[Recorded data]
⟨

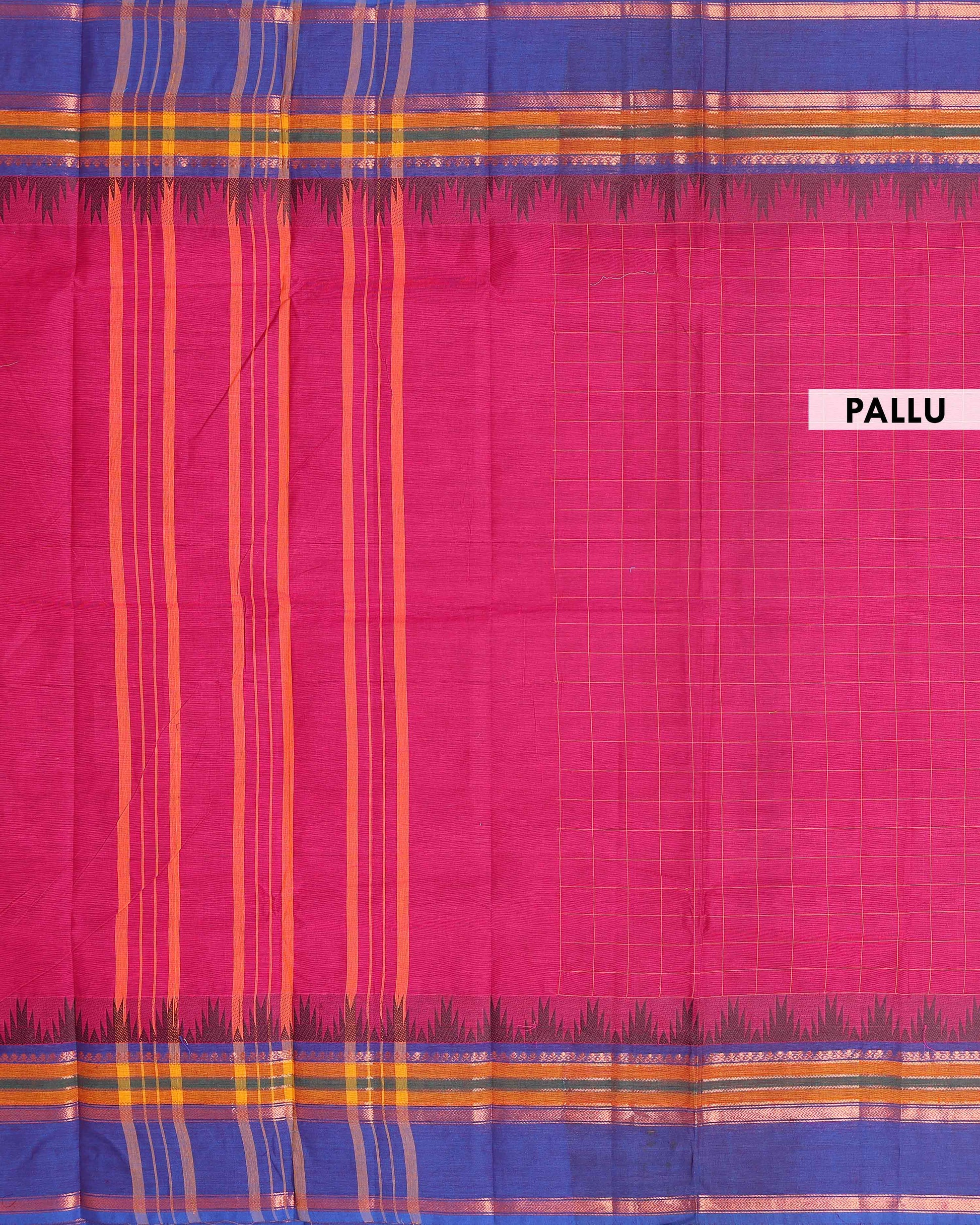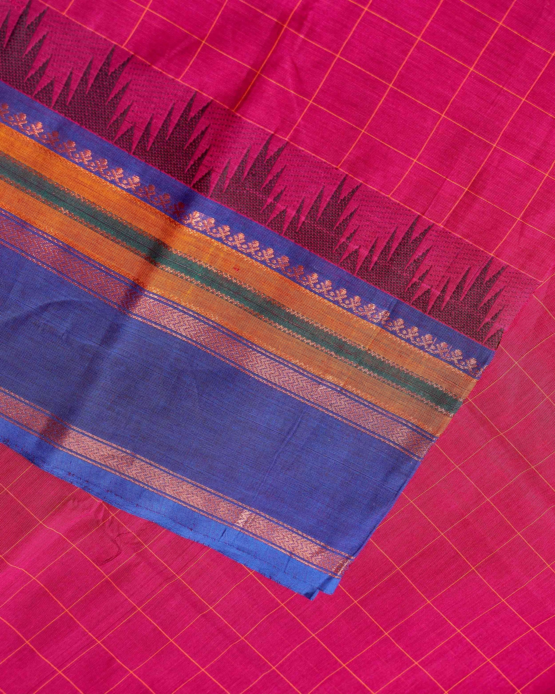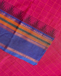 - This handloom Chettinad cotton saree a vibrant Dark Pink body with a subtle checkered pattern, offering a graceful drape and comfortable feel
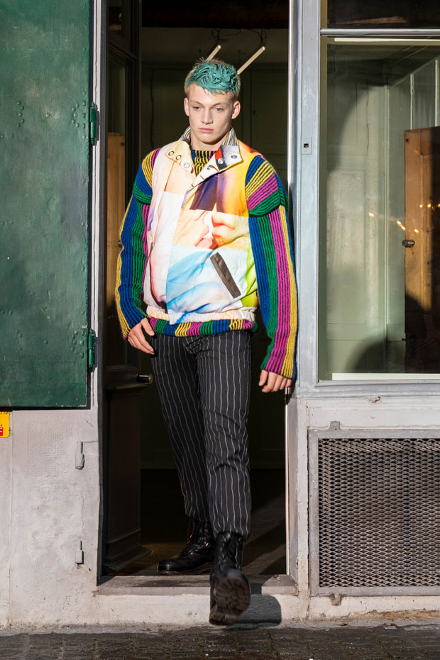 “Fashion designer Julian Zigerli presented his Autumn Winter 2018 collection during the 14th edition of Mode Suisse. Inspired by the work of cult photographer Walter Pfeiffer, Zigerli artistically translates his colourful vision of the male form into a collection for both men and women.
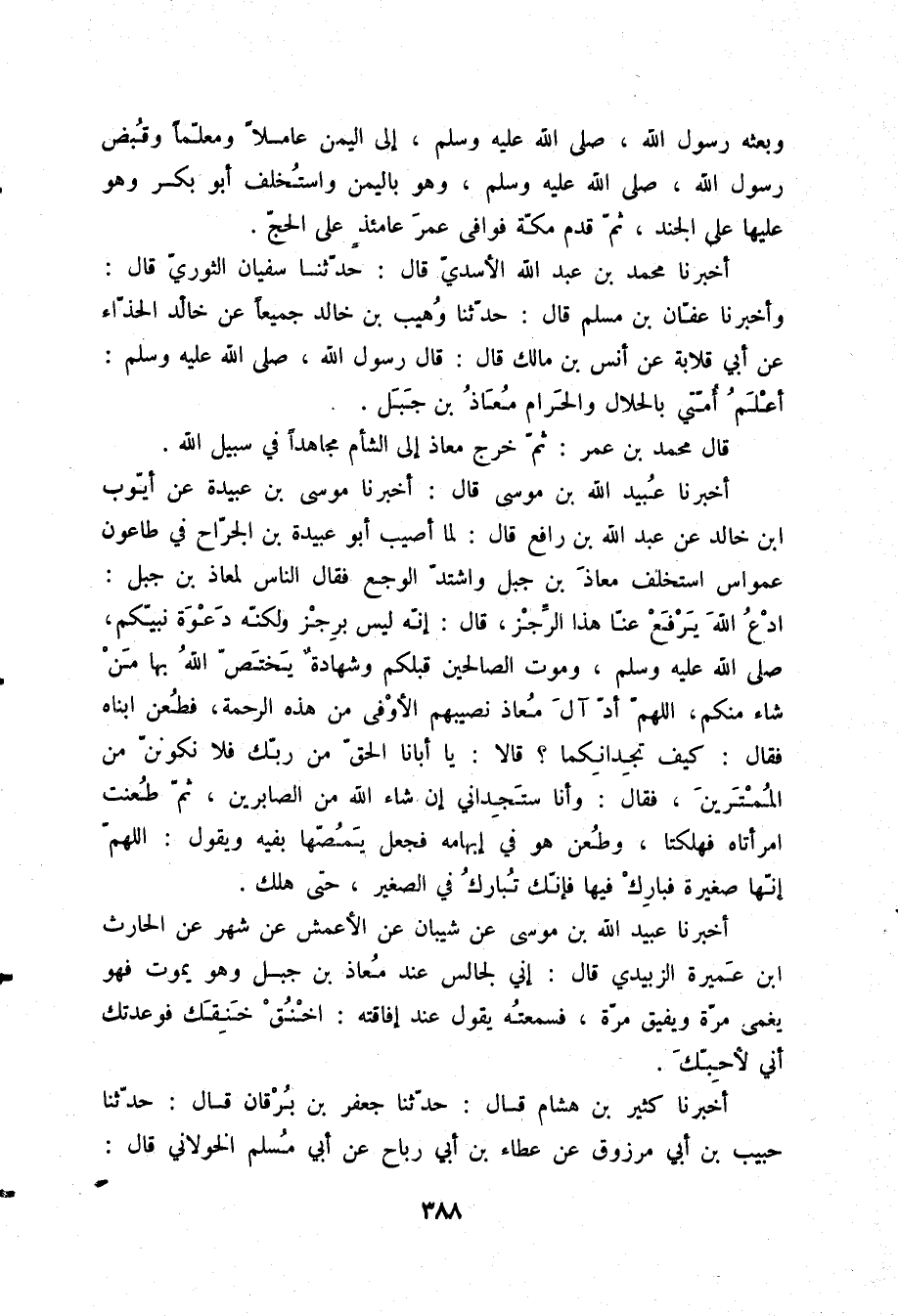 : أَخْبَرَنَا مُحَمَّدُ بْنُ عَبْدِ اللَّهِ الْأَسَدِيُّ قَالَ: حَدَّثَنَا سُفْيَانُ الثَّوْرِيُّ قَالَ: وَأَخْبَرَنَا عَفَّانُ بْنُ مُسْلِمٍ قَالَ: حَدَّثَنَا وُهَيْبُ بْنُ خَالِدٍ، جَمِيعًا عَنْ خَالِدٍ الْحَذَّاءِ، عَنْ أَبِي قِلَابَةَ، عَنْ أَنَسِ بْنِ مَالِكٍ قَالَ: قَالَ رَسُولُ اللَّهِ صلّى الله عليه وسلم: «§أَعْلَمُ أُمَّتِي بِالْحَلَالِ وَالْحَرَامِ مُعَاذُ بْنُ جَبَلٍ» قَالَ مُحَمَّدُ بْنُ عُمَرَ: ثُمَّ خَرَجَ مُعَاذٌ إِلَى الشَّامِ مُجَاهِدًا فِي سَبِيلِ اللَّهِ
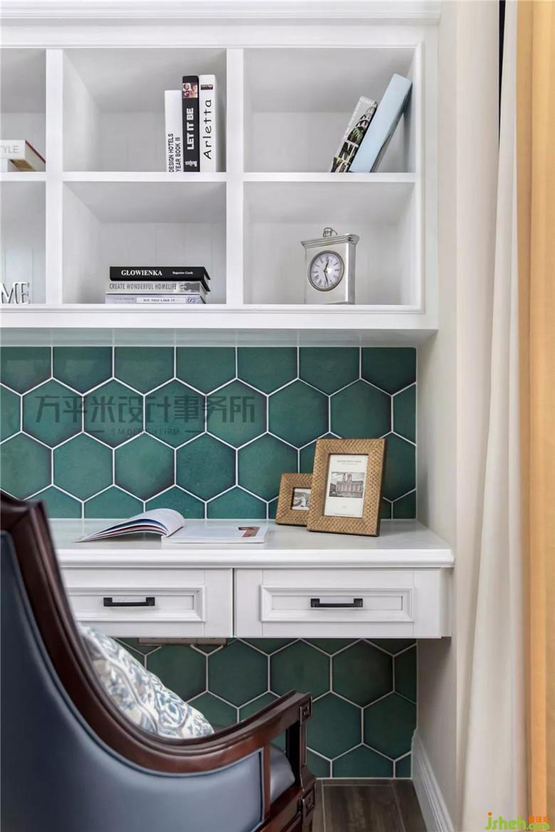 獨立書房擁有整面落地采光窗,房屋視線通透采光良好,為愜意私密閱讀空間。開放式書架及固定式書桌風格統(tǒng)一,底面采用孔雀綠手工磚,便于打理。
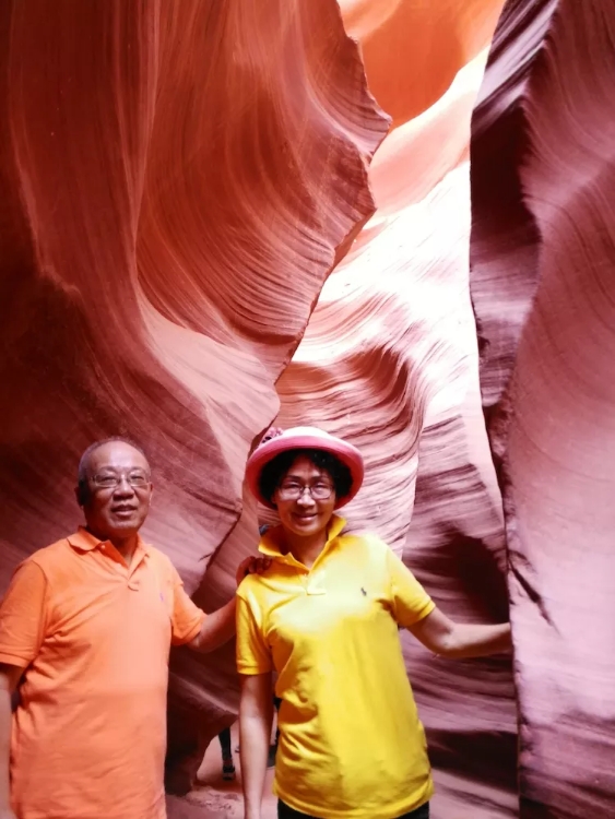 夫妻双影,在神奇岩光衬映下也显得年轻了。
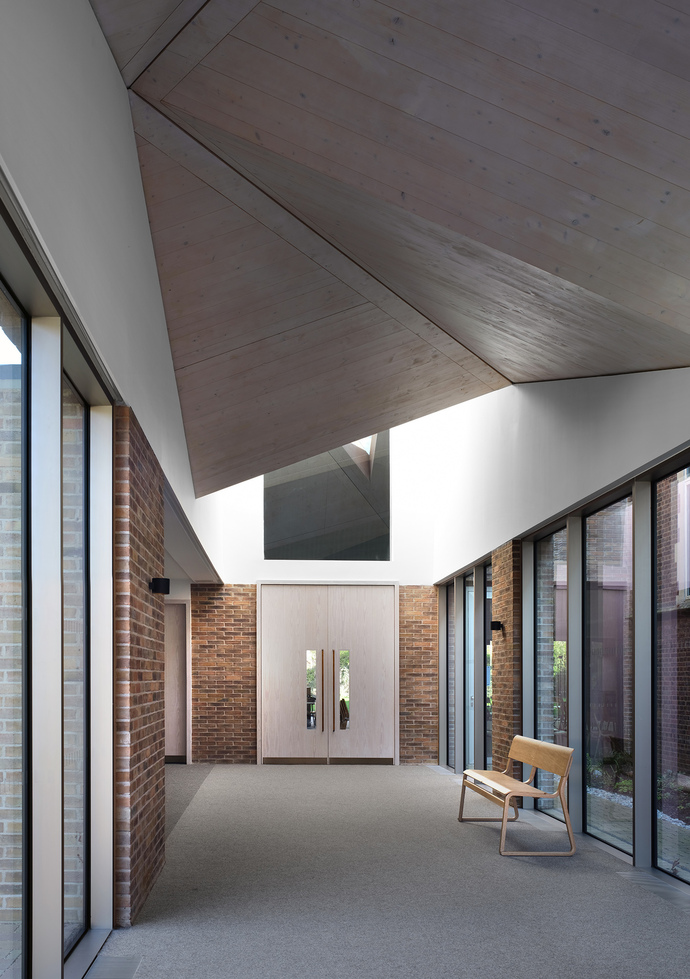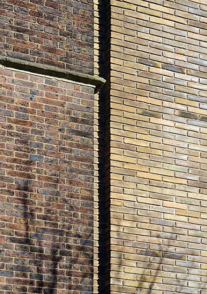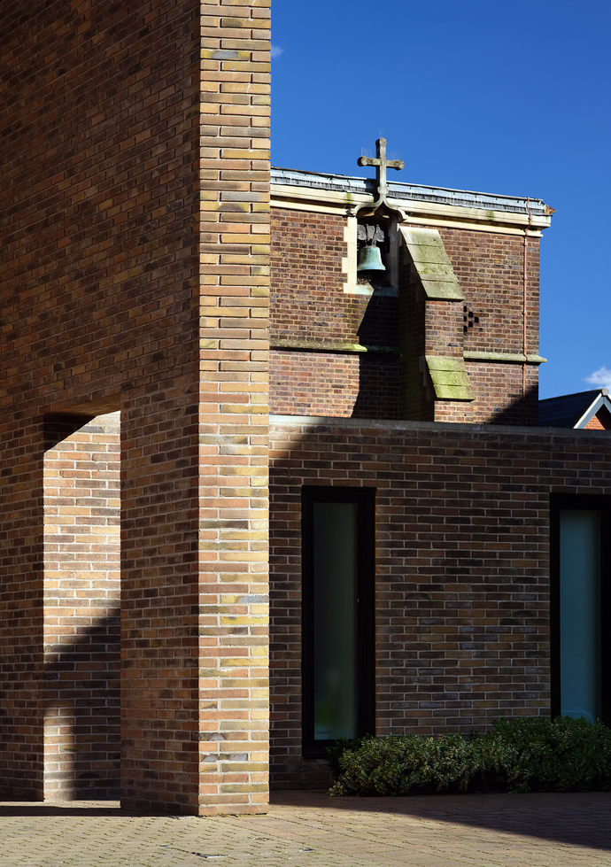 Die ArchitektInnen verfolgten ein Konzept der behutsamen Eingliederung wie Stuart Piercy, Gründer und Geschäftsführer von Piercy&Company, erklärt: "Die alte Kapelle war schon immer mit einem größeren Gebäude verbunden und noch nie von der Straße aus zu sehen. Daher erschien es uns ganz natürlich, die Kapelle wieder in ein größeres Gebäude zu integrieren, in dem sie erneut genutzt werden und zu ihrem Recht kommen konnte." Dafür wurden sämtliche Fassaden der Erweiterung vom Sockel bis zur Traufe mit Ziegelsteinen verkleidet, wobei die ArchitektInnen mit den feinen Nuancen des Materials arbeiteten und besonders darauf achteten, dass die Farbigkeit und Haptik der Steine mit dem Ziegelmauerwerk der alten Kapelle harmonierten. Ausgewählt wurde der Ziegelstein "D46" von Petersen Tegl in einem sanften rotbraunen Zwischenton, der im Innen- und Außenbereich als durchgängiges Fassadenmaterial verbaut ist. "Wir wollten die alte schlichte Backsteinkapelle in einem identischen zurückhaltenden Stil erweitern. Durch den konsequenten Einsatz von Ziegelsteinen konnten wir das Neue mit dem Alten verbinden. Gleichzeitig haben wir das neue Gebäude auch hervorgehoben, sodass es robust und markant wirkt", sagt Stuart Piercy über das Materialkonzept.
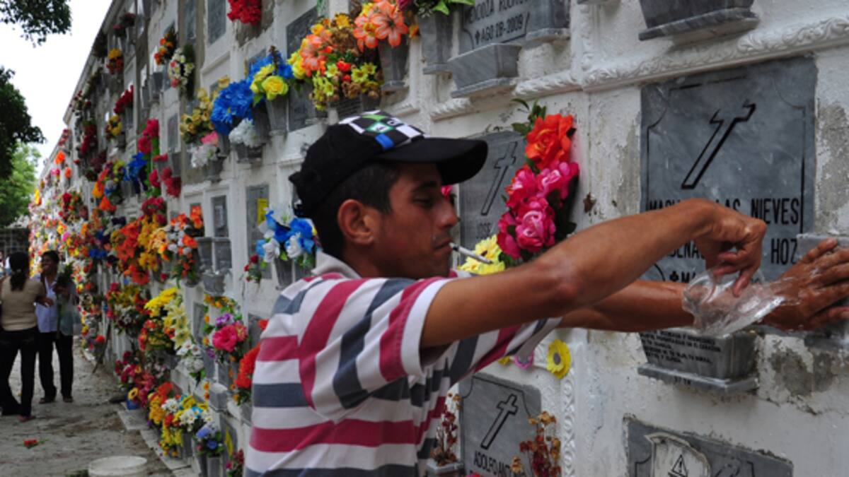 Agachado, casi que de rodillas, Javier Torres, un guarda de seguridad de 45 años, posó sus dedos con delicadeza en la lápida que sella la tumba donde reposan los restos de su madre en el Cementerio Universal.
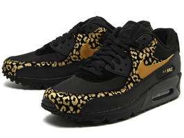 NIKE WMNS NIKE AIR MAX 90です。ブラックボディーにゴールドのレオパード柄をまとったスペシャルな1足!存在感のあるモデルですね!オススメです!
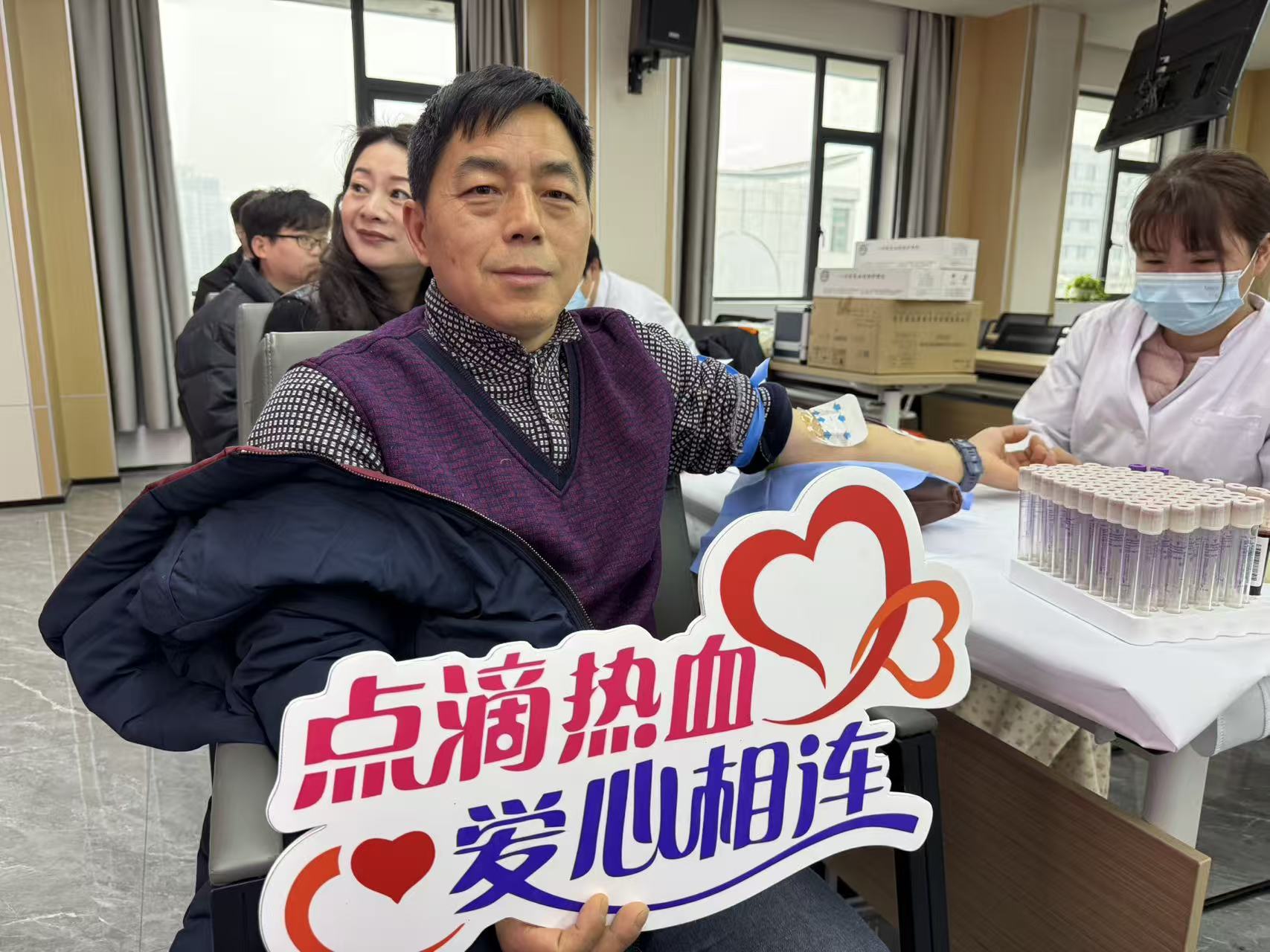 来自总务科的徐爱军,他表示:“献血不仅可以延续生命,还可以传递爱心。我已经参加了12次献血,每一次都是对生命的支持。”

⟩

Try it: Nothing but the lines from the first line of the records above to the line with "夫妻双影,在神奇岩光衬映下也显得年轻了。", inclusive, should be transcribed exactly, and the pictures must be left out.

Answer to the problem:
 - This handloom Chettinad cotton saree a vibrant Dark Pink body with a subtle checkered pattern, offering a graceful drape and comfortable feel
 “Fashion designer Julian Zigerli presented his Autumn Winter 2018 collection during the 14th edition of Mode Suisse. Inspired by the work of cult photographer Walter Pfeiffer, Zigerli artistically translates his colourful vision of the male form into a collection for both men and women.
 : أَخْبَرَنَا مُحَمَّدُ بْنُ عَبْدِ اللَّهِ الْأَسَدِيُّ قَالَ: حَدَّثَنَا سُفْيَانُ الثَّوْرِيُّ قَالَ: وَأَخْبَرَنَا عَفَّانُ بْنُ مُسْلِمٍ قَالَ: حَدَّثَنَا وُهَيْبُ بْنُ خَالِدٍ، جَمِيعًا عَنْ خَالِدٍ الْحَذَّاءِ، عَنْ أَبِي قِلَابَةَ، عَنْ أَنَسِ بْنِ مَالِكٍ قَالَ: قَالَ رَسُولُ اللَّهِ صلّى الله عليه وسلم: «§أَعْلَمُ أُمَّتِي بِالْحَلَالِ وَالْحَرَامِ مُعَاذُ بْنُ جَبَلٍ» قَالَ مُحَمَّدُ بْنُ عُمَرَ: ثُمَّ خَرَجَ مُعَاذٌ إِلَى الشَّامِ مُجَاهِدًا فِي سَبِيلِ اللَّهِ
 獨立書房擁有整面落地采光窗,房屋視線通透采光良好,為愜意私密閱讀空間。開放式書架及固定式書桌風格統(tǒng)一,底面采用孔雀綠手工磚,便于打理。
 夫妻双影,在神奇岩光衬映下也显得年轻了。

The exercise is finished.